- [WHAT THE EXERCISE ASKS]: Once the images are set aside, return every entry exactly.

- [GIVEN RECORDS]:
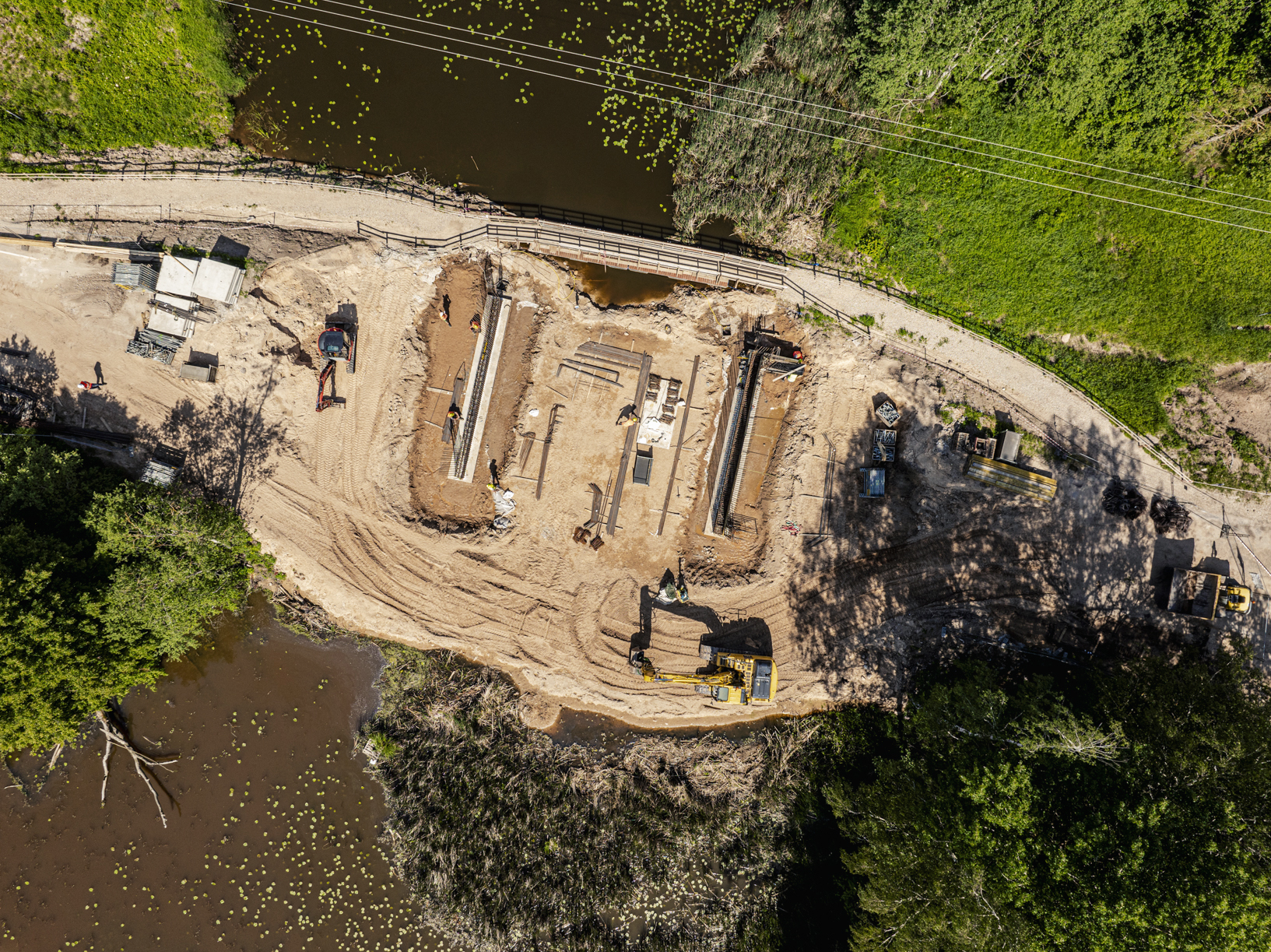 Tilts pār Vēdzeles upi ir nojaukts, un tā vietā būvē jaunu dzelzsbetona tiltu. Darbu vietu var apbraukt pa autoceļiem V1478 un P109, un tam nepieciešamas 20 minūtes. Savukārt autoceļa P109 būvdarbu posmā patlaban darbojas pieci pagaidu luksofori, un tā izbraukšanai jāplāno papildu 25 minūtes ceļā.
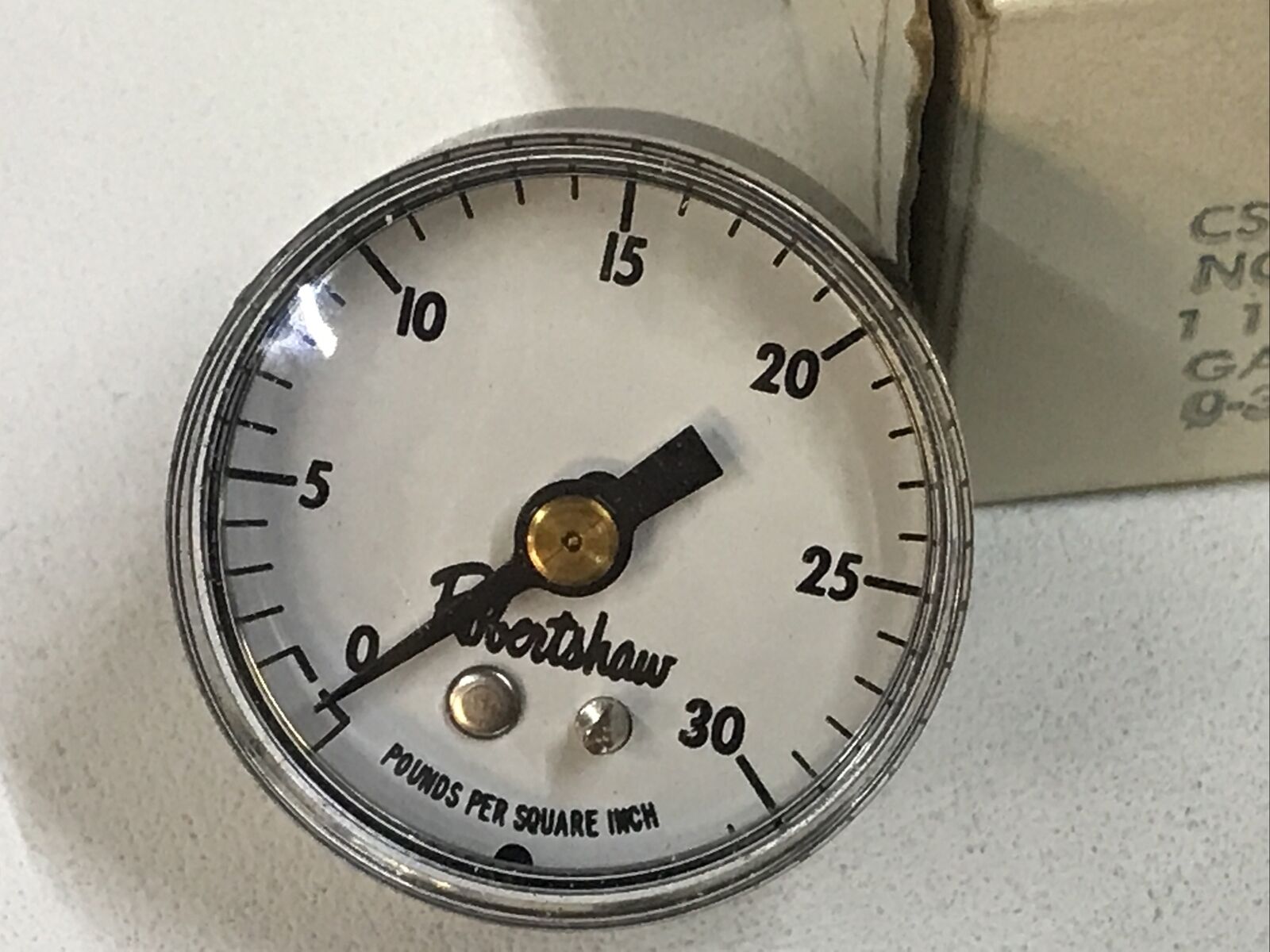 Robertshaw A201-01, 2420-001 Pressure Gauge 1-1/2", 0-30PSIG, 1/8" NPT Back Con.
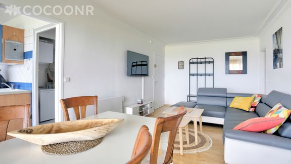L’appartement est vraiment bien équipé, on y a même trouvé un four à raclette que nous avions oublié. Les lits étaient propres et impeccable. Joliment décorées. Salon/Séjour spacieux et terrasse pour l’apéro ! Nous étions 2 adultes et 2 enfants et avons tous apprécié notre séjour sur un week-end prolongé. La situation aussi proche de la mer est un atout incroyable. Calme de la résidence, place de parking,balade. On recommande à 100%
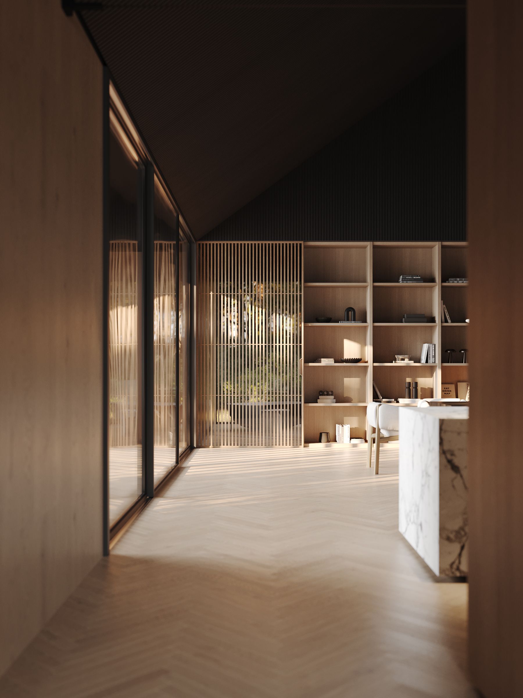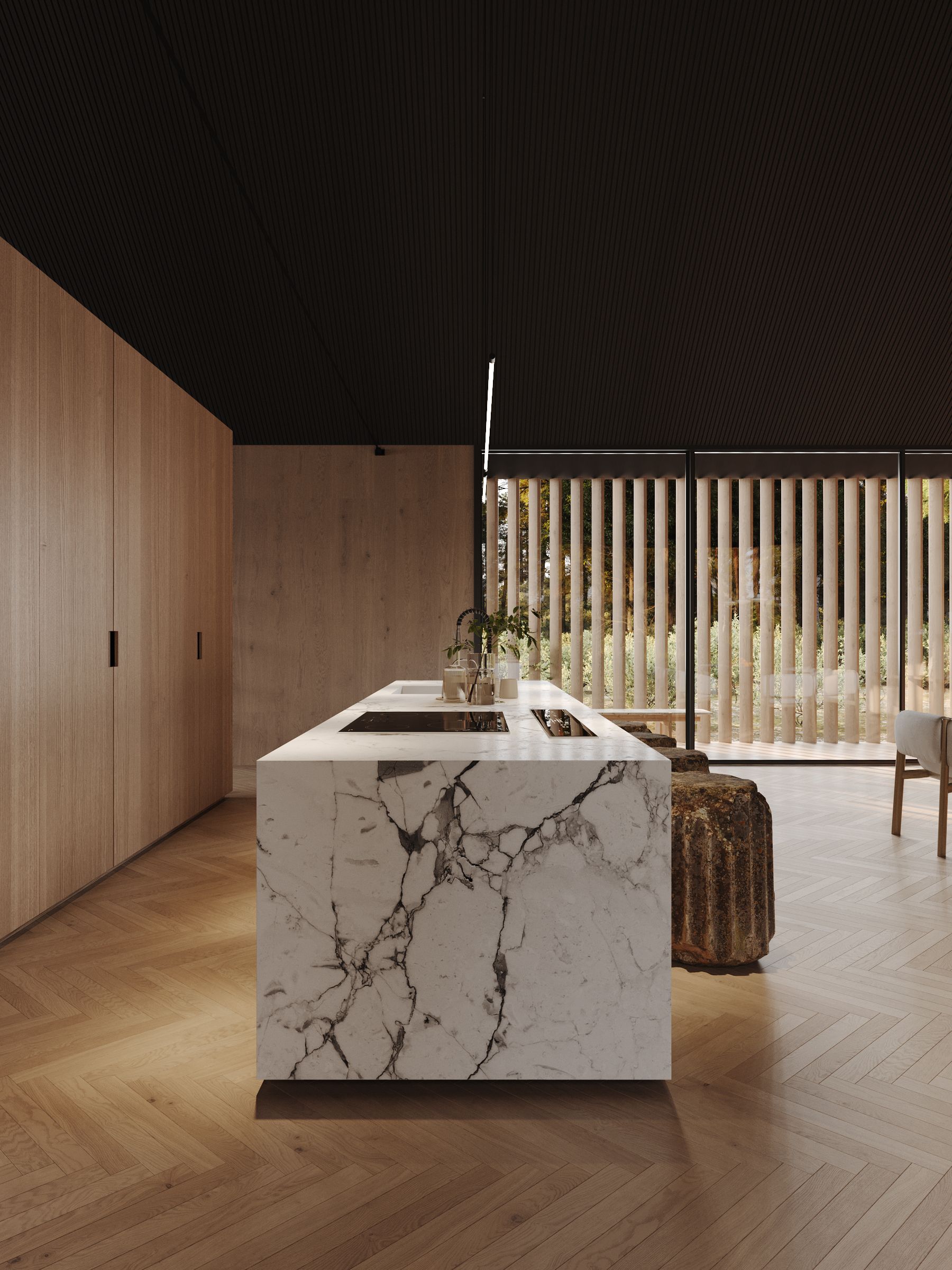 The interior is based on the principles of minimalism. Clean lines, simple shapes and a neutral color palette create an atmosphere of calm and harmony. The furniture and accessories are contemporary in style, and the surfaces and finishes are made from natural materials such as wood, stone and glass.
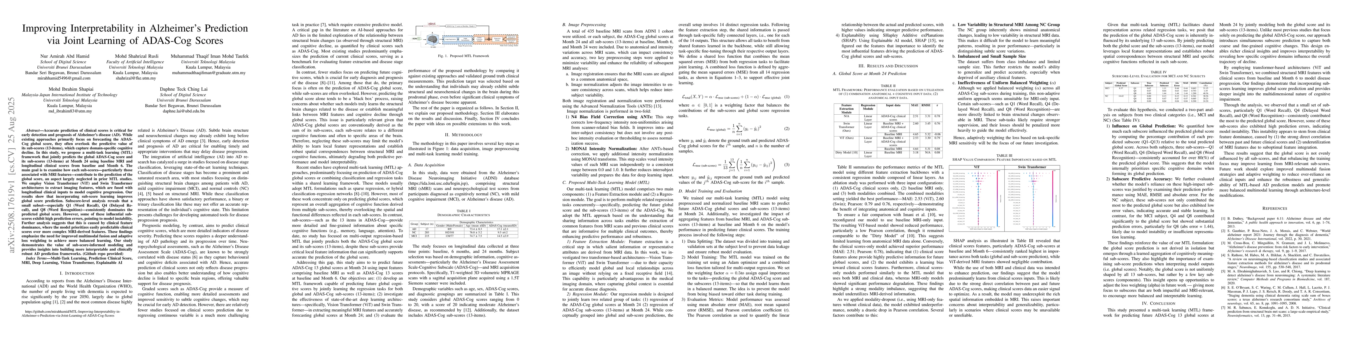 Accurate prediction of clinical scores is critical for early detection and prognosis of Alzheimers disease (AD). While existing approaches primarily focus on forecasting the ADAS-Cog global score, they often overlook the predictive value of its sub-scores (13 items), which capture domain-specific cognitive decline. In this study, we propose a multi task learning (MTL) framework that jointly predicts the global ADAS-Cog score and its sub-scores (13 items) at Month 24 using baseline MRI and longitudinal clinical scores from baseline and Month 6. The main goal is to examine how each sub scores particularly those associated with MRI features contribute to the prediction of the global score, an aspect largely neglected in prior MTL studies. We employ Vision Transformer (ViT) and Swin Transformer architectures to extract imaging features, which are fused with longitudinal clinical inputs to model cognitive progression. Our results show that incorporating sub-score learning improves global score prediction. Subscore level analysis reveals that a small subset especially Q1 (Word Recall), Q4 (Delayed Recall), and Q8 (Word Recognition) consistently dominates the predicted global score. However, some of these influential sub-scores exhibit high prediction errors, pointing to model instability. Further analysis suggests that this is caused by clinical feature dominance, where the model prioritizes easily predictable clinical scores over more complex MRI derived features. These findings emphasize the need for improved multimodal fusion and adaptive loss weighting to achieve more balanced learning. Our study demonstrates the value of sub score informed modeling and provides insights into building more interpretable and clinically robust AD prediction frameworks. (Github repo provided)

- [TASK OUTPUT]:
 Tilts pār Vēdzeles upi ir nojaukts, un tā vietā būvē jaunu dzelzsbetona tiltu. Darbu vietu var apbraukt pa autoceļiem V1478 un P109, un tam nepieciešamas 20 minūtes. Savukārt autoceļa P109 būvdarbu posmā patlaban darbojas pieci pagaidu luksofori, un tā izbraukšanai jāplāno papildu 25 minūtes ceļā.
 Robertshaw A201-01, 2420-001 Pressure Gauge 1-1/2", 0-30PSIG, 1/8" NPT Back Con.
L’appartement est vraiment bien équipé, on y a même trouvé un four à raclette que nous avions oublié. Les lits étaient propres et impeccable. Joliment décorées. Salon/Séjour spacieux et terrasse pour l’apéro ! Nous étions 2 adultes et 2 enfants et avons tous apprécié notre séjour sur un week-end prolongé. La situation aussi proche de la mer est un atout incroyable. Calme de la résidence, place de parking,balade. On recommande à 100%
 The interior is based on the principles of minimalism. Clean lines, simple shapes and a neutral color palette create an atmosphere of calm and harmony. The furniture and accessories are contemporary in style, and the surfaces and finishes are made from natural materials such as wood, stone and glass.
 Accurate prediction of clinical scores is critical for early detection and prognosis of Alzheimers disease (AD). While existing approaches primarily focus on forecasting the ADAS-Cog global score, they often overlook the predictive value of its sub-scores (13 items), which capture domain-specific cognitive decline. In this study, we propose a multi task learning (MTL) framework that jointly predicts the global ADAS-Cog score and its sub-scores (13 items) at Month 24 using baseline MRI and longitudinal clinical scores from baseline and Month 6. The main goal is to examine how each sub scores particularly those associated with MRI features contribute to the prediction of the global score, an aspect largely neglected in prior MTL studies. We employ Vision Transformer (ViT) and Swin Transformer architectures to extract imaging features, which are fused with longitudinal clinical inputs to model cognitive progression. Our results show that incorporating sub-score learning improves global score prediction. Subscore level analysis reveals that a small subset especially Q1 (Word Recall), Q4 (Delayed Recall), and Q8 (Word Recognition) consistently dominates the predicted global score. However, some of these influential sub-scores exhibit high prediction errors, pointing to model instability. Further analysis suggests that this is caused by clinical feature dominance, where the model prioritizes easily predictable clinical scores over more complex MRI derived features. These findings emphasize the need for improved multimodal fusion and adaptive loss weighting to achieve more balanced learning. Our study demonstrates the value of sub score informed modeling and provides insights into building more interpretable and clinically robust AD prediction frameworks. (Github repo provided)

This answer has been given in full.